GIVEN INFORMATION below:

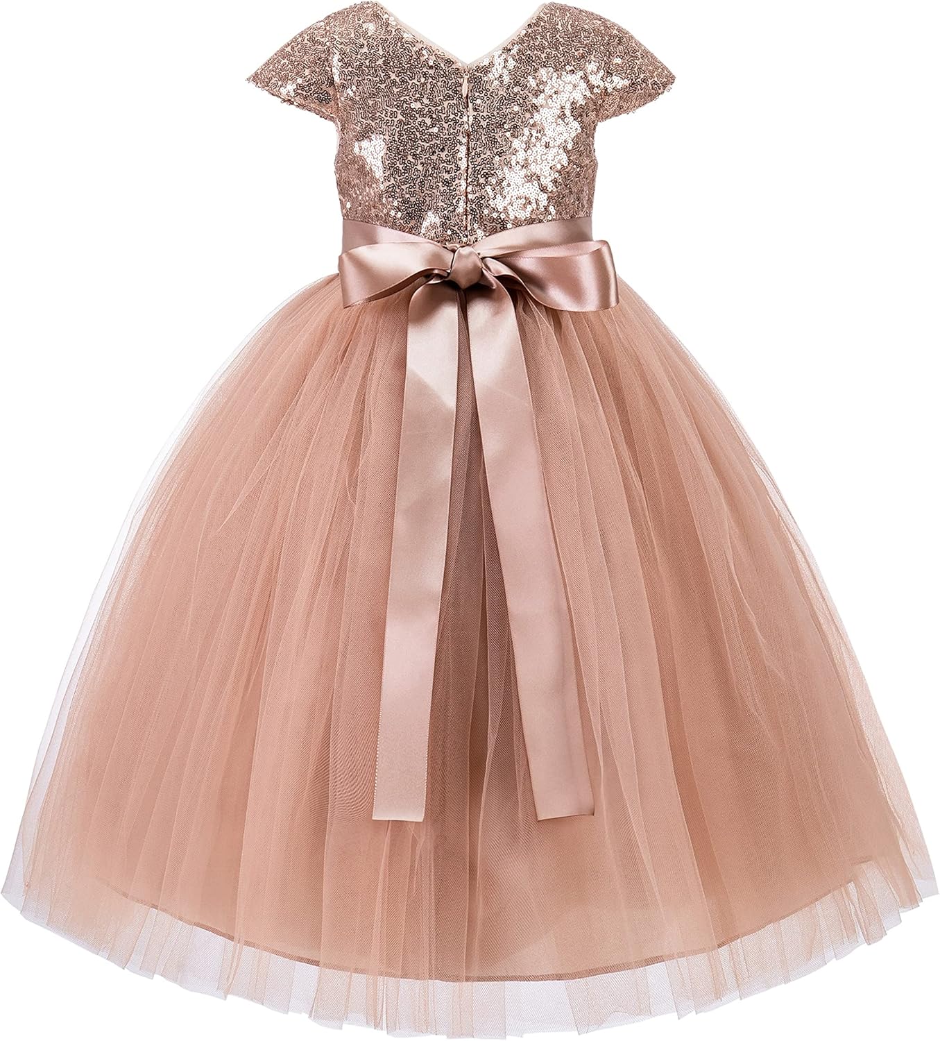 ekidsbridal Cap Sleeves Sequin Flower Girl Dress Photoshoot Dresses for Toddler Girl 211
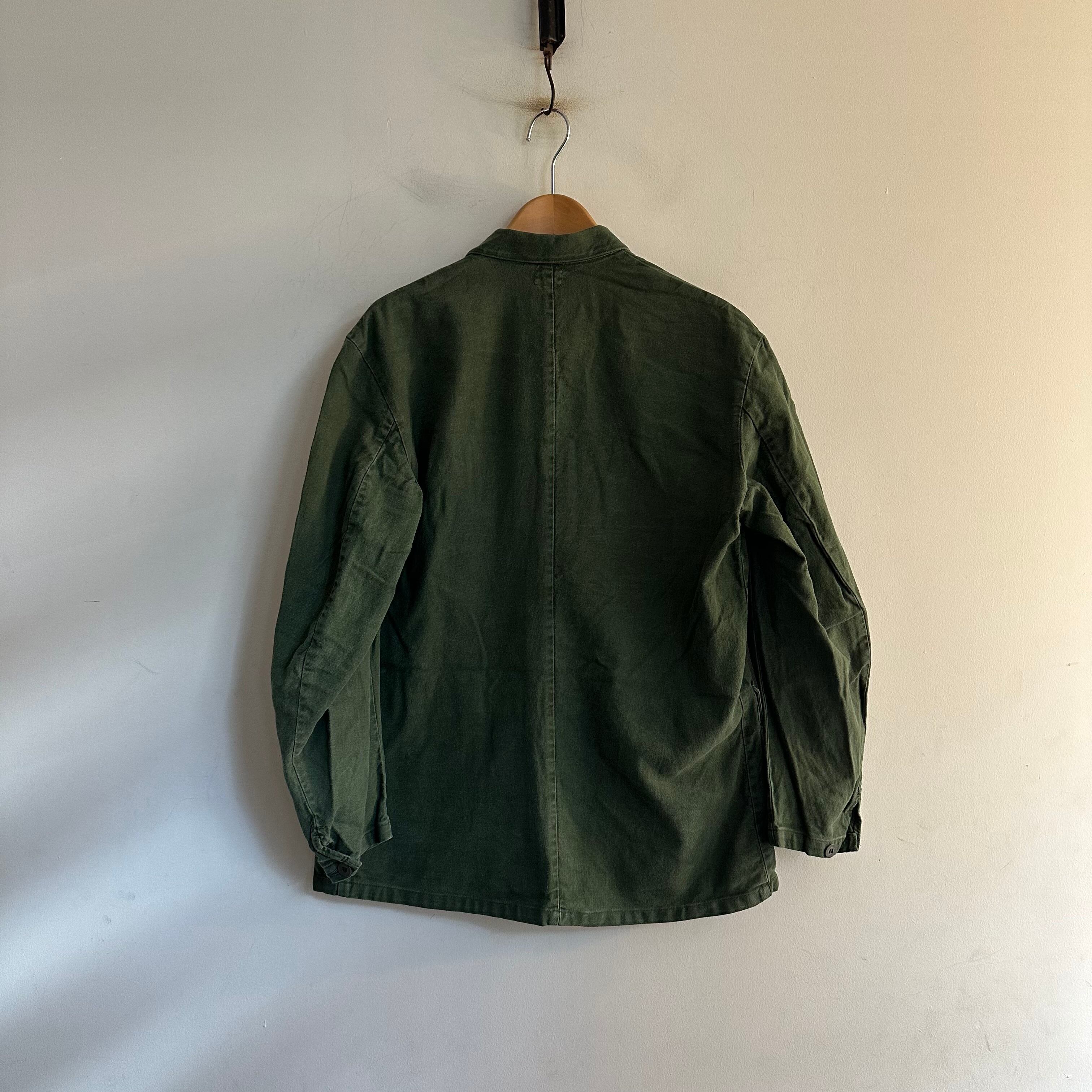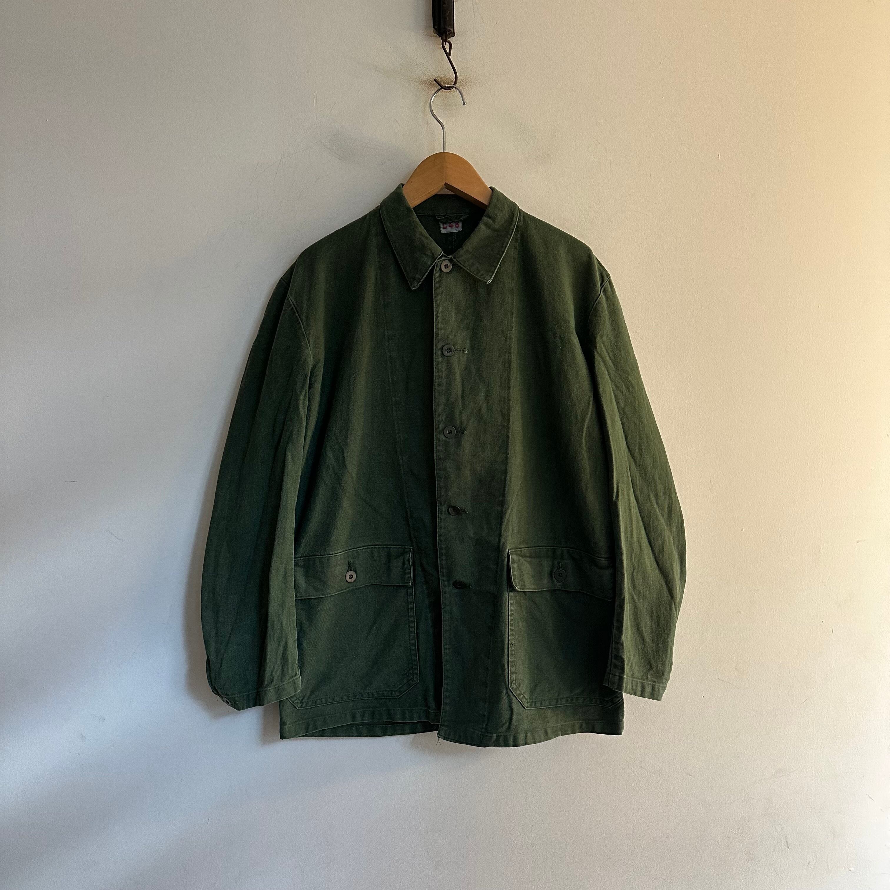 スウェーデンのミリタリージャケットです。程よい厚さのcotton生地。使える時期の長い1枚。グリーンが強い色味。良いですね。お好きな方、いかがでしょうか。
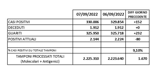 Report Covid-19 – Aggiornato al 08/settembre/2022

End of GIVEN INFORMATION.

● INSTRUCTIONS TO FOLLOW
Exclude the pictures. Write out the remaining data exactly.

● RESPONSE TO THE TASK
 ekidsbridal Cap Sleeves Sequin Flower Girl Dress Photoshoot Dresses for Toddler Girl 211
 スウェーデンのミリタリージャケットです。程よい厚さのcotton生地。使える時期の長い1枚。グリーンが強い色味。良いですね。お好きな方、いかがでしょうか。
 Report Covid-19 – Aggiornato al 08/settembre/2022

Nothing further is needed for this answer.